David Brooks in The New York Times:
Alexis de Tocqueville introduced the genre and ruined it by actually being brilliant. In the 19th century Brilliant authors came with their superior European sensibilities. In the 1980s, Jean Baudrillard came armed with Theory and set the modern standard by dropping puerile paradoxes from coast to coast: “Americans believe in facts, but not in facticity.” Brilliant! “Here in the most conformist society the dimensions are immoral. It is this immorality that makes distance light and the journey infinite, that cleanses the muscles of their tiredness.” Brilliant!

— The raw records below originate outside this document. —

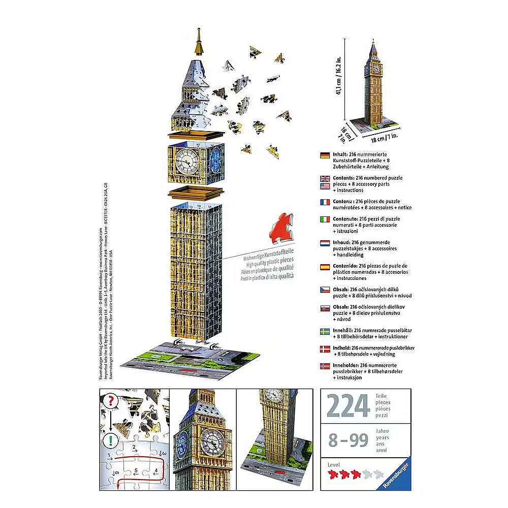 Description - W nowej koncepcji puzzli Ravensburger 3D wykorzystano najnowszą niemiecką technologię stosowaną przy produkcji puzzli! W tej układance zastosowano niepowtarzalne elementy zawiasowe z tworzywa sztucznego, które po połączeniu tworzą ten solidny i wytrzymały budynek. Bez użycia kleju! Układanka składa się 216 wysokiej jakości plastikowych elementów i po złożeniu ma 41 cm. Na odwrotnej stronie każdego elementu układanki nadrukowany jest numer, dzięki czemu można złożyć układankę albo przez dopasowanie wzoru na oko lub po prostu według kolejnych liczb. W zestawie puzzli znajduje się drukowana płyta podstawki, dzięki czemu model można ładnie wyeksponować na półce lub blacie stołu. Jeden z najsłynniejszych budynków świata może być ozdobą twojego domu!
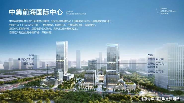 作为前海前湾片区的地标建筑之一,中集前海国际中心项目占地面积约6.01万平方米,总建筑面积接近50万平方米,总投资约100亿元,属于双地铁上盖低密度生态产城融合综合体,业态包含塔楼办公(东塔高约220米,西塔高约180米)、独栋办公、创意办公、国际公寓、集中商业等。
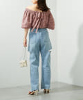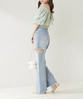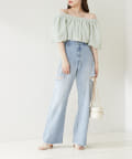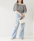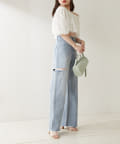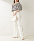 ・カジュアルに着たい方は、フレアパンツやデニムと合わせて足元はフラットシューズにするとリラクシーに着こなせます。
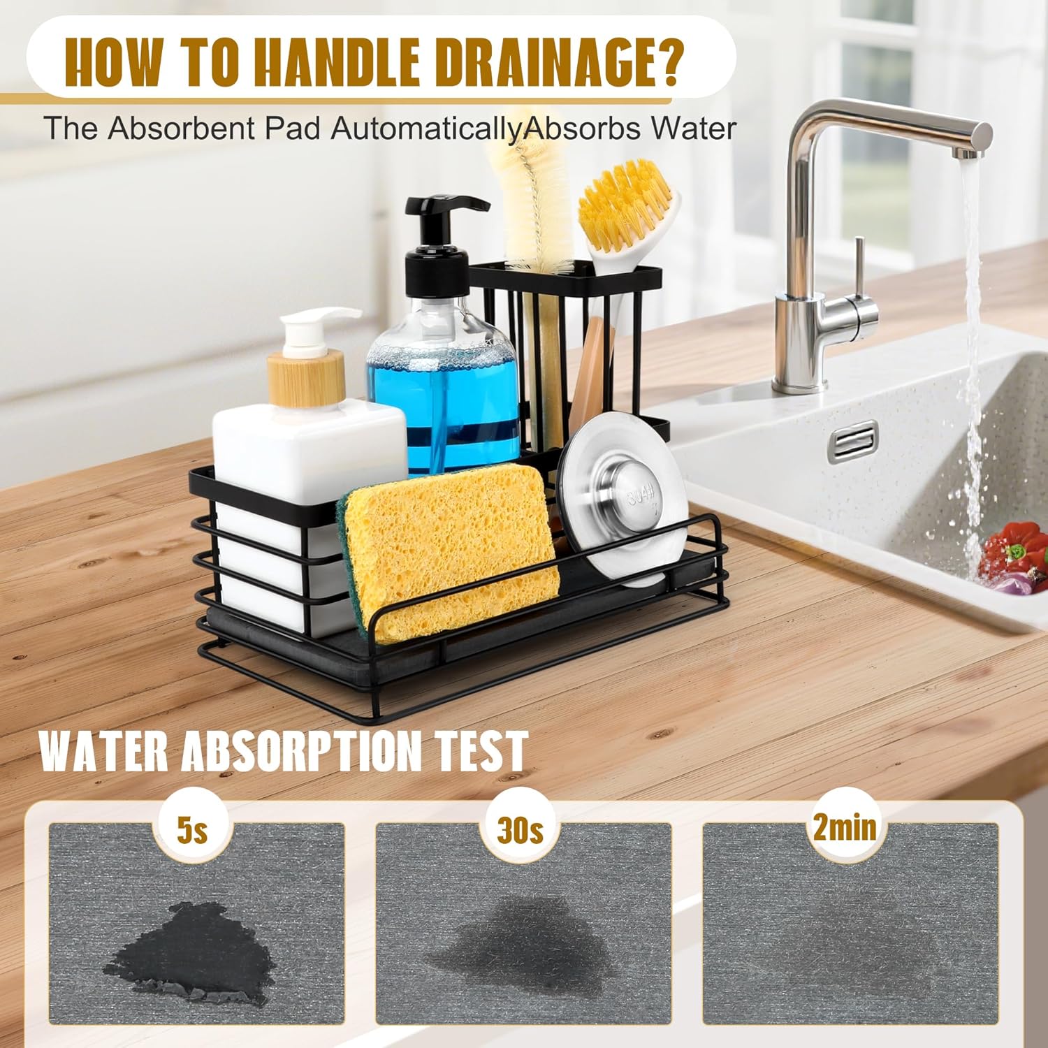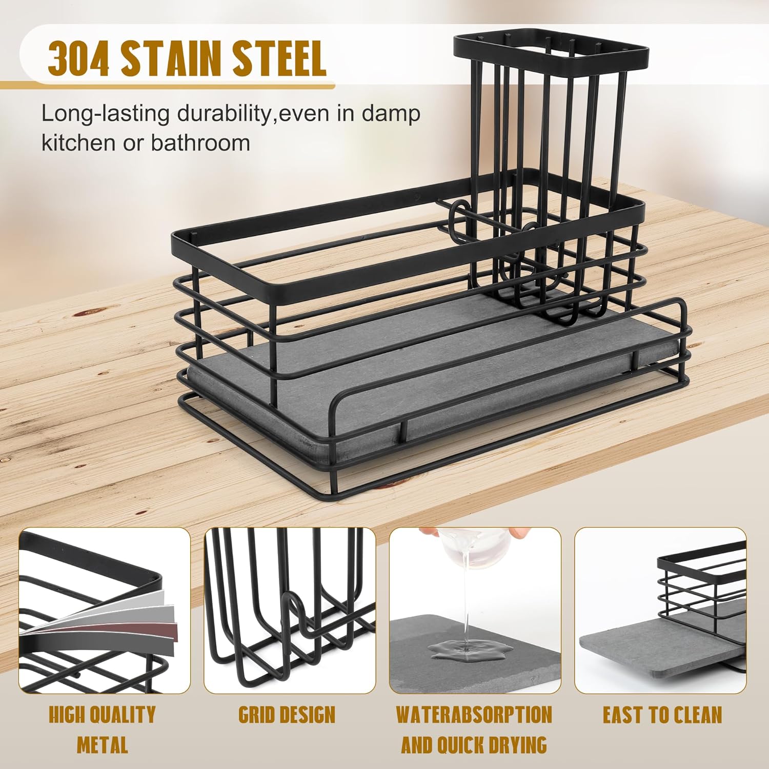 - Fast Water Absorption— The base of thissponge holder for kitchen sinkis made from naturaldiatomaceous earth, which absorbs water within 31 seconds — no more standing water or soggy sponges. Combined with a breathable hollow metal frame, it promotes fast drying and a cleaner sink space.
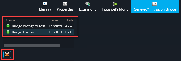 - Wählen Sie im Einheitenbrowser den Intrusion Manager aus, und klicken Sie auf die Registerkarte Genetec Intrusion Bridge.
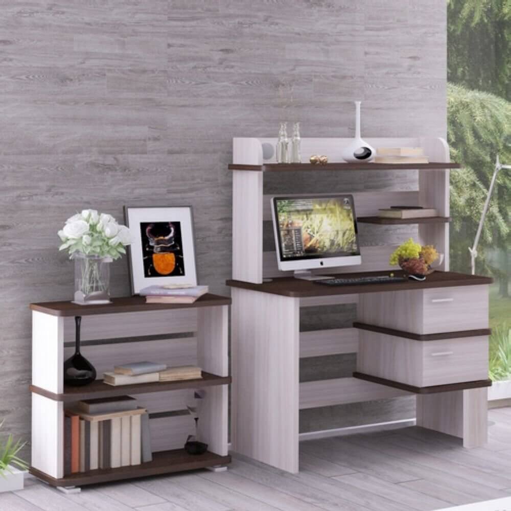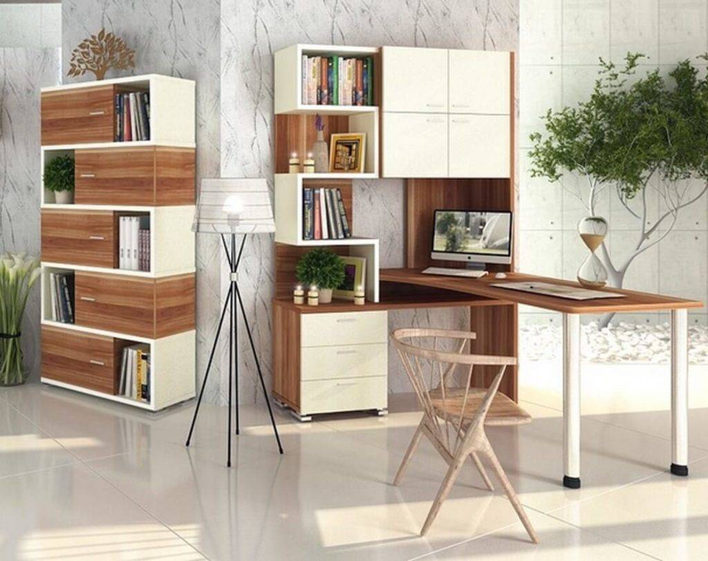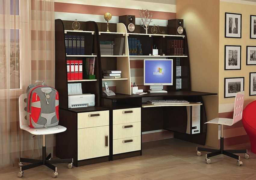 Комбинирование письменного стола с надстроенными полками, шкафчиками, боксами создает своеобразный модульный комплекс, удобный для работы и хранения необходимых принадлежностей. Подобный модуль выполняется в едином стиле и очень компактен. Часто его используют там, где необходимо размещение компьютерной системы в сочетании с рабочим местом.
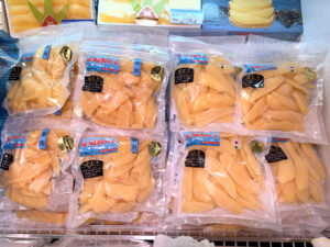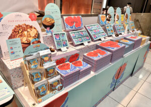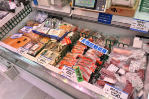 辛子明太子、天然塩紅鮭切り身、鯨赤身肉などの商品がずらりと並びます✨
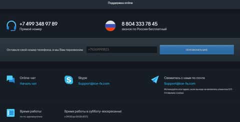 Для связи со своими клиентами контора Ice-FX предоставляет телефоны, скайп, онлайн-чат и электронную почту. Но мы должны предупредить, что не стоит заранее радоваться такой открытости брокеров. Более 95% случаев, после того как вас опрокинут, на связь никто не выйдет ни по одному из каналов. Далее представлена вся информация:
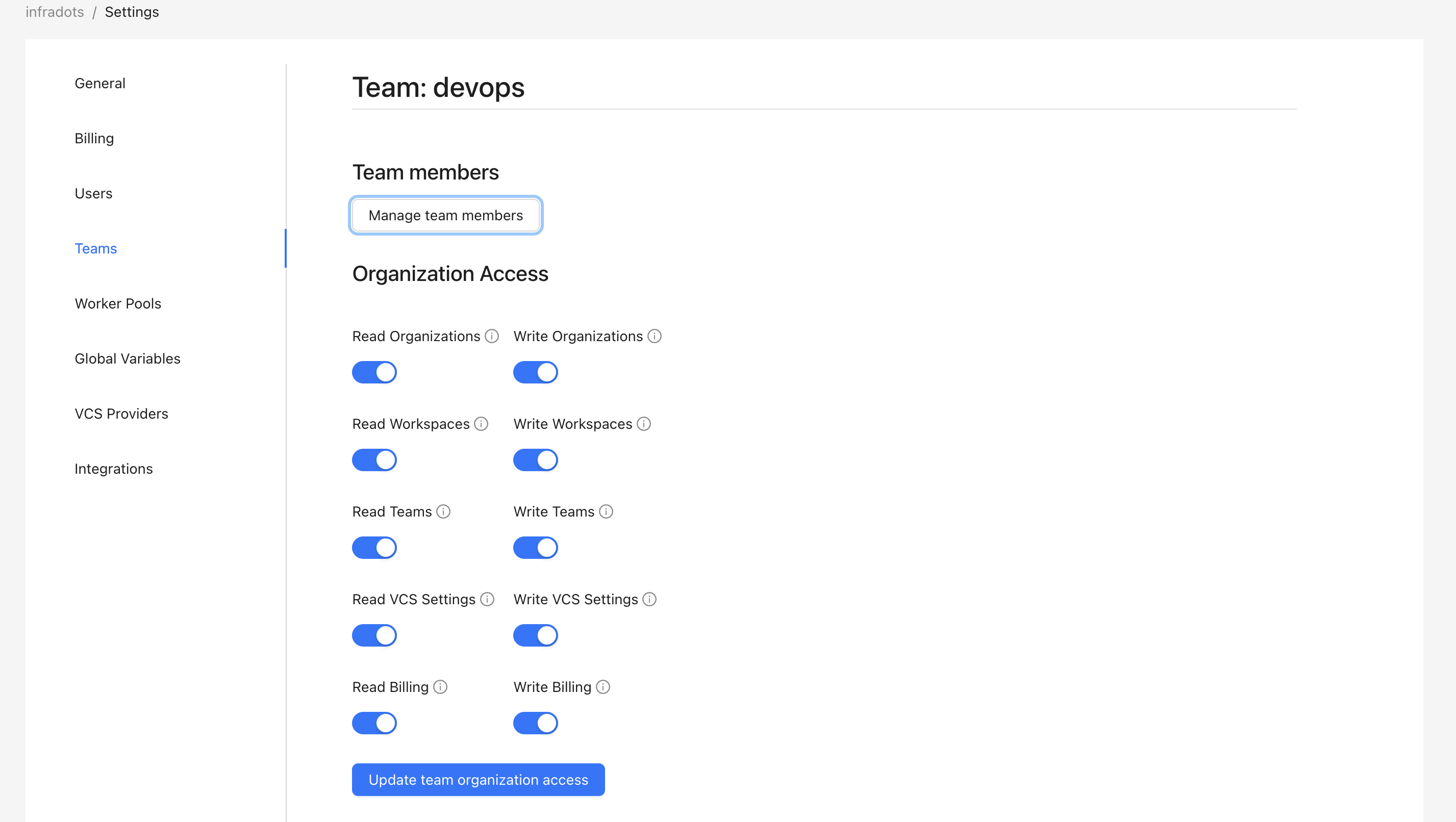 Team permissions are configured at a granular level per team, controlling access to organizations, workspaces, VCS settings, and billing.
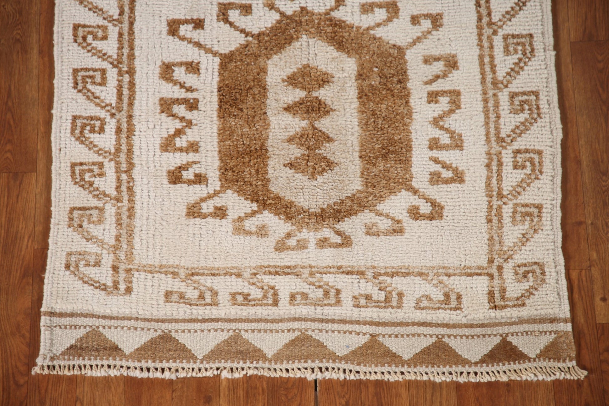 A Beautiful Genuine Turkey Anatolian rug is Hand Knotted by skillful weavers in Turkey with 100% Wool Material. This rug is in New, First Quality condition. dimensions are 11' 7'' X 3' 1'' in foot and 353 X 94 in centimeter. the primary color is Beige & Ivories.

Today, Brilliant writers seem to come with camera crews, and they seem to do much of their reporting while the crews set up their visuals. I enjoyed Bernard-Henri Lévy’s meditation a few years ago, and now the great historian Simon Schama has entered the field. Schama was born in Britain and makes documentaries for the BBC, but he has spent more time in the United States than most Brilliant authors, having taught at Harvard and now Columbia. But this is very much an outsider’s book, and if Schama doesn’t come from a strictly European perspective, let’s just say he comes from the realm of enlightened High Thinking that exists where The New York Review of Books reaches out and air-kisses The London Review of Books.
His book is called “The American Future: A History” (which is a puerile paradox before you even open the cover), and it has nothing whatsoever to do with the American future.
More here.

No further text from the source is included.